There is one important way in which these images are similar, however. Here is the histogram of the pixel brightnesses in each image:
The two images have the same distribution of pixel values. In fact, the “noise” image is simply a scrambled version of the first image. They contain identical pixels, arranged in different order.
Who cares? Well, this illustrates a common limitation to using a histogram to characterize data. It turns out that most maps of molecular clouds have similar histograms — that probably says something interesting about the physical processes that determine cloud structure. However, as the images above show, similar histograms can hide a lot of interesting differences between two data sets.
Histograms contain no information about the arrangement of pixels in an image — that’s why I could scramble the pixels in rho-Oph and preserve the histogram exactly. But there are other ways to rearrange those pixels. How about this, for example?
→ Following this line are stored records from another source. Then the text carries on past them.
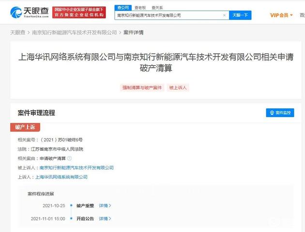 事實上,早在7月12日,南京知行新能源汽車技術(shù)開發(fā)有限公司新增破產(chǎn)重整信息,案號為(2021)蘇0113破申26號,經(jīng)辦法院為南京市棲霞區(qū)人民法院,申請人為上海華訊網(wǎng)絡(luò)系統(tǒng)有限公司。
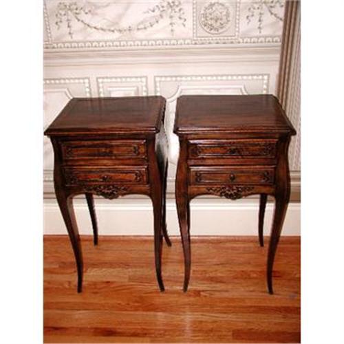 Pair of walnut C.1870-75 side tables,night stands or night tables have pot bellied sides which adds to their unique shape.Hand made with tiny chisel marks here and there,rich hand rubbed finish. Beautiful oyster carving on front as well as richly aged wood throughout. Drawers are lined on all four sides with sage green and pink floral fabric,not paper. Stand on tall delicate legs. Finished on the back for use out in a room. Excellent condition. Measure 27.5H X. 13.5D X 14.5L.
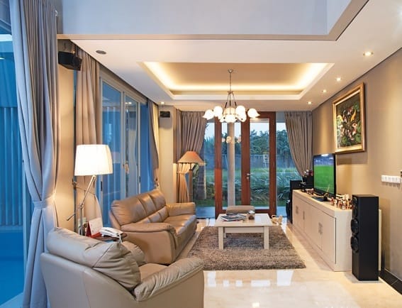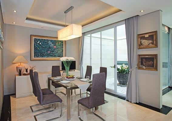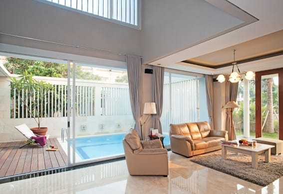 Untuk menyiasati lahan yang cukup terbatas, hunian ini meminimalkan penggunaan sekat. Keberadaan void dari lantai dua pada ruang keluarga dan bukaan-bukaan kaca yang lebar ke arah taman atau ke arah kolah renang menambahkan kesan lapang pada hunian.

Again, the histogram this image is identical to the first two (download the data yourself if you don’t believe me!). The strategy for transforming an image while preserving the histogram turns out to be pretty simple. Here’s the strategy:
1) Find an image you want to match (in the case above, I used this)
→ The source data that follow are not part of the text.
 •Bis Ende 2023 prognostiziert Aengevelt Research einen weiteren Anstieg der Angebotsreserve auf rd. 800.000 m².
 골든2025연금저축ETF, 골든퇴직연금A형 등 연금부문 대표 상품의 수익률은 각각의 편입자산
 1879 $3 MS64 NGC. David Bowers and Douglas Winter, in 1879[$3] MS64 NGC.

2) If necessary, crop/resize the image to match the dimensions of the original image.
3) Find the location of the faintest pixel in the target image.
4) Replace this pixel with the faintest pixel in the original image.
5) Repeat for the second faintest, etc, until you replace all the pixels.
I put together a Processing applet that demonstrates this for a bunch of different images. You can find it here. This applet also shows you how the pixels in either image correspond to each other — hover your mouse over a pixel in one image to see the location of that pixel in the other.
You can even do this with color images by modifying step 4. Instead of simply substituting pixels in that step, alter the brightness to match the original image, while preserving the color. This will create a histogram of brightnesses that matches the first image, with colors that match the second.
There isn’t anything too profound going on here (although it always surprises me how well this works). But it does highlight the limitations of histograms in rather stark fashion. It’s interesting that maps of star forming regions all possess similar histograms, but this does not rule out the possibility that these regions have interesting structural differences between them. Complementary techniques are needed to tease out this possibility.
In the mean-time, enjoy this picture of the Bieber-ized rho-Ophiuchus (any guesses to what the histogram looks like?).